**EXERCISE REQUIREMENTS**
This exercise calls for the data below to be retyped exactly, minus any images.

### AVAILABLE DATA

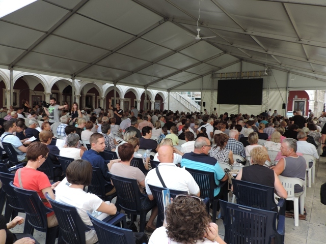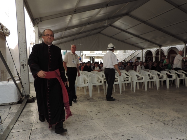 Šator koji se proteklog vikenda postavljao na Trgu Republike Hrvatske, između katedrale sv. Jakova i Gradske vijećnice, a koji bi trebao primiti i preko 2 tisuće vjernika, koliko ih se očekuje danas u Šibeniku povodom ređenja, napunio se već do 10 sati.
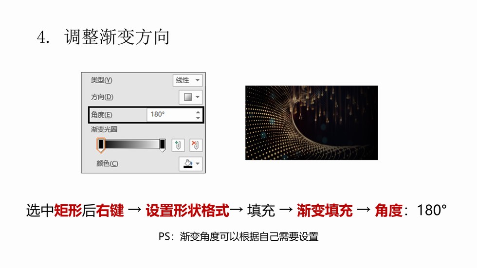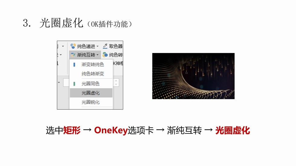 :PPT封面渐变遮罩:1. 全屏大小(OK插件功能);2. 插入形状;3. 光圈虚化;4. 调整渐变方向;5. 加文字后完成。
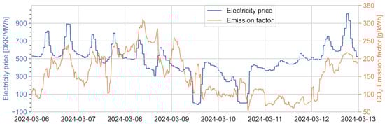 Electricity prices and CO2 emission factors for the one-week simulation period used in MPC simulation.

######

**RESPONSE FOR THIS EXERCISE**
 Šator koji se proteklog vikenda postavljao na Trgu Republike Hrvatske, između katedrale sv. Jakova i Gradske vijećnice, a koji bi trebao primiti i preko 2 tisuće vjernika, koliko ih se očekuje danas u Šibeniku povodom ređenja, napunio se već do 10 sati.
 :PPT封面渐变遮罩:1. 全屏大小(OK插件功能);2. 插入形状;3. 光圈虚化;4. 调整渐变方向;5. 加文字后完成。
 Electricity prices and CO2 emission factors for the one-week simulation period used in MPC simulation.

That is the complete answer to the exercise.